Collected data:
• • • •

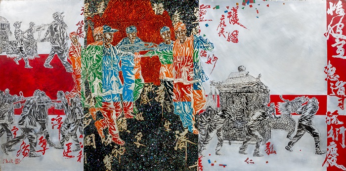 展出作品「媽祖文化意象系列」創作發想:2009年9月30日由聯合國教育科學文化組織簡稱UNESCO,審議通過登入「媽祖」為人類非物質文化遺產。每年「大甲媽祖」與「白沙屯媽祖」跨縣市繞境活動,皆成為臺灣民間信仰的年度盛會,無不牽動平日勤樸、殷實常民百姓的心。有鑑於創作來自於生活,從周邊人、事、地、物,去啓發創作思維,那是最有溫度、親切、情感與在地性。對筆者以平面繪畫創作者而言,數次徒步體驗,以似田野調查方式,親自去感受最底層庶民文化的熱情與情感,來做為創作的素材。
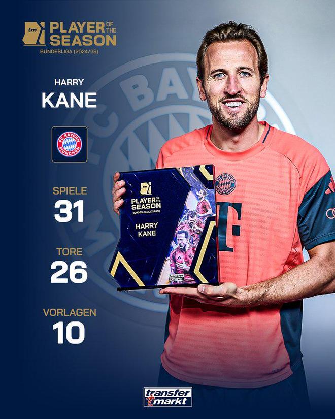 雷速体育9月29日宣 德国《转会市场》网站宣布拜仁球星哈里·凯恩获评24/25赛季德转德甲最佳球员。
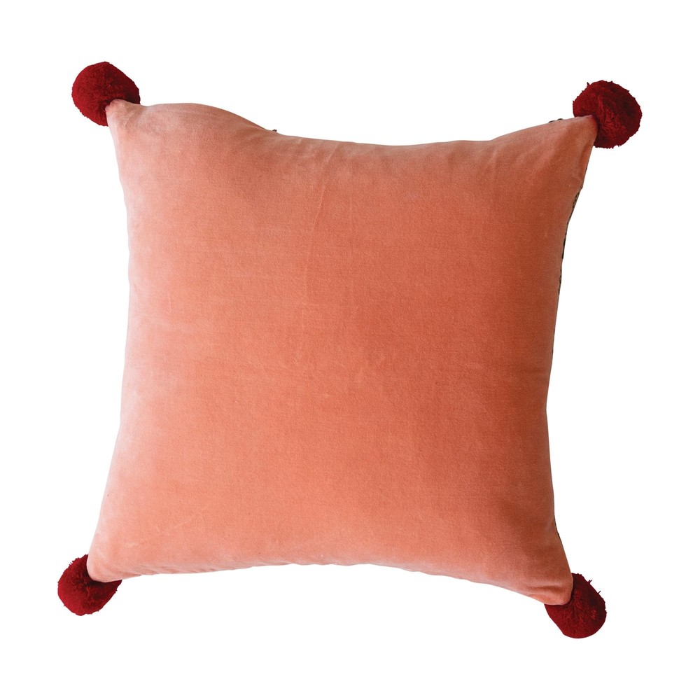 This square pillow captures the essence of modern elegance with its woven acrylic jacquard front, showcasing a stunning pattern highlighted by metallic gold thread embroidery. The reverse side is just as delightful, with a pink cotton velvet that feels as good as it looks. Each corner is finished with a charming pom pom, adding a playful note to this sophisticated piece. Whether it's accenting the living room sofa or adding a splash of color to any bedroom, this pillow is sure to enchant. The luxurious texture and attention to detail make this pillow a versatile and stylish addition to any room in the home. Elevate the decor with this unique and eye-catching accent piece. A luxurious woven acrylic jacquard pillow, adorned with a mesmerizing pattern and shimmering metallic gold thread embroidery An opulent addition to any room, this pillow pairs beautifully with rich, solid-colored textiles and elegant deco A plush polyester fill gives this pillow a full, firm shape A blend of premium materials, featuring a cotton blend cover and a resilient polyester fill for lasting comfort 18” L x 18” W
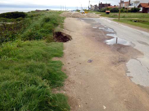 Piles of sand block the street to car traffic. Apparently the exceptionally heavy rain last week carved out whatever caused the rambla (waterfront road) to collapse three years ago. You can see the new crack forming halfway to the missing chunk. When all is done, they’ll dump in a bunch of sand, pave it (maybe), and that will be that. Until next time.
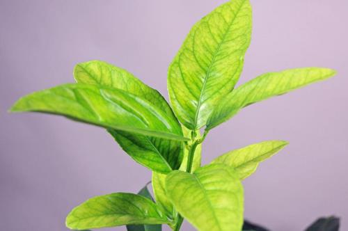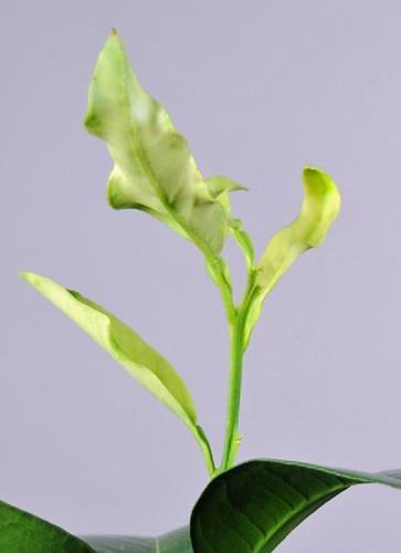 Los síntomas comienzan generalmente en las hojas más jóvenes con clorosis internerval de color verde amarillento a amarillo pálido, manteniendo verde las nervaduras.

• • • •

== EXERCISE INSTRUCTIONS ==
Each line from the beginning of the entries up to and including the one containing "雷速体育9月29日宣 德国《" must be restated exactly. Pictures are to be left out.

== EXERCISE SOLUTION ==
 展出作品「媽祖文化意象系列」創作發想:2009年9月30日由聯合國教育科學文化組織簡稱UNESCO,審議通過登入「媽祖」為人類非物質文化遺產。每年「大甲媽祖」與「白沙屯媽祖」跨縣市繞境活動,皆成為臺灣民間信仰的年度盛會,無不牽動平日勤樸、殷實常民百姓的心。有鑑於創作來自於生活,從周邊人、事、地、物,去啓發創作思維,那是最有溫度、親切、情感與在地性。對筆者以平面繪畫創作者而言,數次徒步體驗,以似田野調查方式,親自去感受最底層庶民文化的熱情與情感,來做為創作的素材。
 雷速体育9月29日宣 德国《转会市场》网站宣布拜仁球星哈里·凯恩获评24/25赛季德转德甲最佳球员。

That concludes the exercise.